Sunday, 9 December 2007

"Avoidance"

Christmas functions are designed to give everyone the chance to get a bit tipsy and bond with each other in a celebratory fashion. But they also present the danger that you will run into someone you’ve been avoiding all year. The woman you yelled at in accounts when you had the hangover from hell and discovered that your expenses for your last lunch had been declined. You’ve had to get off one floor above your office and take the stairs down all year just to avoid walking past her office.
Then there’s the guy in maintenance you pashed behind the air conditioning unit at the last Christmas function when you decided in a moment of enthusiasm that you like men with dirty fingernails and a mullet. If it’s good enough for Cheryl West, it’s choice for you when you’re five rum and Cokes down on an empty stomach. And then there’s the other woman in the office. The one you hate with a passion because she hates you with a passion and you’re both up for the same promotion next year. You won’t spend a second in her breathing space yet alone propel a thin-lipped word of Christmas cheer in her direction.
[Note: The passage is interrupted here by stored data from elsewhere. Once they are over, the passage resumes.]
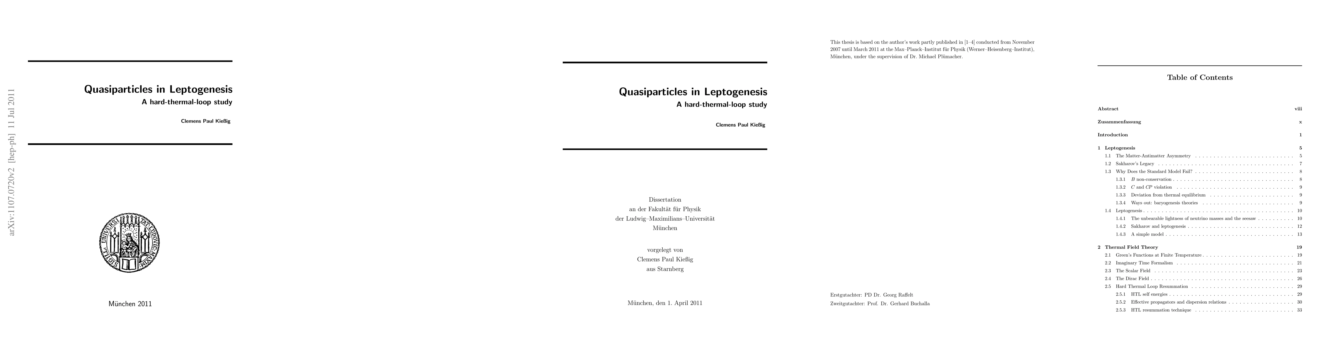 We analyse the effects of thermal quasiparticles in leptogenesis using hard-thermal-loop-resummed propagators in the imaginary time formalism of thermal field theory. We perform our analysis in a leptogenesis toy model with three right-handed heavy neutrinos $N_1$, $N_2$ and $N_3$. We consider decays and inverse decays and work in the hierarchical limit where $M_2 \gg M_1$. We neglect flavour effects and assume that the temperatures are much smaller than $M_2$ and $M_3$. We pay special attention to the influence of fermionic quasiparticles. We allow for the leptons to be either decoupled from each other, except for the interactions with neutrinos, or to be in chemical equilibrium by some strong interaction, for example via gauge bosons. In two additional cases, we approximate the full hard-thermal-loop lepton propagators with zero-temperature propagators, where we replace the zero-temperature mass by the thermal mass of the leptons $m_\ell(T)$ in one case and the asymptotic mass of the positive-helicity mode $\sqrt{2} \, m_\ell(T)$ in the other case. We calculate all relevant decay rates and $\CP$-asymmetries and solve the corresponding Boltzmann equations we derived. We compare the final lepton asymmetry of the four thermal cases and the vacuum case for three different initial neutrino abundances; zero, thermal and dominant abundance. The final asymmetries of the thermal cases differ considerably from the vacuum case and from each other in the weak washout regime for zero abundance and in the intermediate regime for dominant abundance. In the strong washout regime, where no influences from thermal corrections are commonly expected, the final lepton asymmetry can be enhanced by a factor of two by hiding part of the lepton asymmetry in the quasi-sterile minus-mode in the case of strongly interacting lepton modes.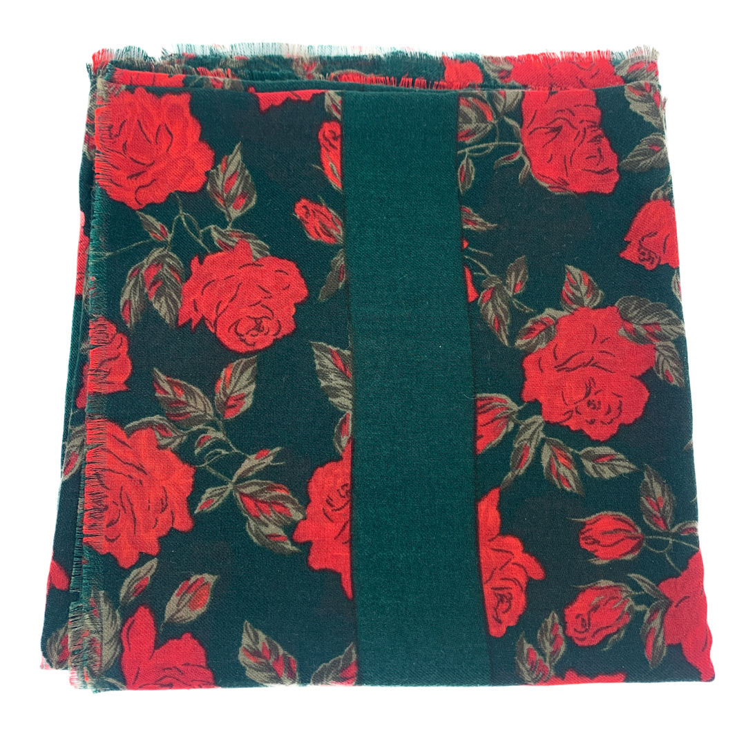 Smukt vintage tørklæde i grøn bundfarve med rødt rosenmønster.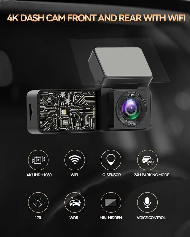 4K Front Camera + 1080P Waterproof Rear Camera - SPADE dashcam front camera supports up to 4K 3840*2160 resolution, delivering cinematic and smooth 4K image quality. The driving recoder has the front wide angle of 170 degree and covers four lanes, rear 1080P dash camera which providing present evidence of sudden carsh during driving (Note: The dash cam input by Type C port). ^^ WIFI Dash Cam with App Control - The car cameras front and rear built-in WiFi showing your scenic drives on the phone in real-time, it allows you update your travel blog on the go. It's so easy and convenient to share the travel scenery and wonderful moments with your family and friends through the app, easy to download important recording for insurance claims. ^^ Night Vision WDR Dash Camera - This dashcam front and rear camera equipped WDR technology, it intelligently adjusts to light variations, preventing overexposure and preserving every detail in your recordings when navigating through tunnels or facing sudden intense light. ^^ Compact Mini Dash Cam with Voice Control - The front and rear dash cam with mini and lightweight design, it's easy to mount behind the rear view mirror and goes virtually unnoticed, which won't obstruct your vision while driving. Speak the voice command, it will listen and follow your command. Free your hands, enjoy the road trip. ^^ 24hour Parking Mode Safety Protection - When the dash camera for cars front and rear connected to the dedicated hardwire kit, it can continue recording at low frame rate mode even when you turn off your cars and get away.

Avoidance is therefore a necessary skill to obtain prior to Christmas functions. The most common technique is to employ your back. With your back to a person you can create the illusion that you haven’t seen them. You spend your entire night swivelling on an axis rather like a weather vane, only stopping when your subject is safely behind you. Odd but effective. Of course if you are the one being avoided this can be a very strange experience indeed. I was recently “backed” by an editor whose magazine I had been critical of on the radio. I know a bit about magazines, I like to think my criticism is constructive, but you can’t get it right all of the time. On entering the room and joining a group of women I greeted her only to find that she turned to face the wall behind us as if admiring a rare and unique work of art hung there while the rest of us talked in the circle which now had one piece around the wrong way. Only problem was there was no art, just a blank wall so there she was staring at nothing while the rest of the group chatted about the weather, our frizzy hair and how much we planned to drink that day, as you do. The moment I moved on she swivelled back, champagne at the ready.
Another more successful technique is to hide behind pillars which may be dotted throughout the room. You can nonchalantly lean on said pillar and swivel around without looking quite so obvious.
The “excuse me I need another drink” statement is my personal favourite, and the one most commonly employed to avoid me. The person promptly downs the contents of their glass, makes the statement and heads off. Only problem with that one is you risk getting really pissed if you’re avoiding a lot of people. Someone once said to me: “excuse me but I see someone far more interesting I’d rather talk to” and headed off which was brutal but I admired the honesty in their expression.
But by far the most effective avoidance manoeuvre is the intense conversation. It’s similar to the inappropriate kiss they do in movies where a couple who aren’t together, but will be by the end of the movie pash madly so that they are not seen by aliens or FBI agents running past them at great speed. When you see someone you need to ignore heading in your direction you suddenly find the person who is telling you about the cute antics of their two-year-old on the potty so interesting that you simply can’t take your eyes of them, need to lean in with intense interest and laugh like a drain. The impression is that you are so engrossed you can’t possibly notice someone else walking past, or indeed standing next to you. This can also be achieved by talking on the cell phone with an intense attitude which says “I’m buying a million shares in a dairy farm which renders me incapable of recognising anyone.”
But the simplest method in avoidance is simply to avoid the function which has been my policy for many years. I have one night of drinking scheduled and there’s not a magazine editor in sight.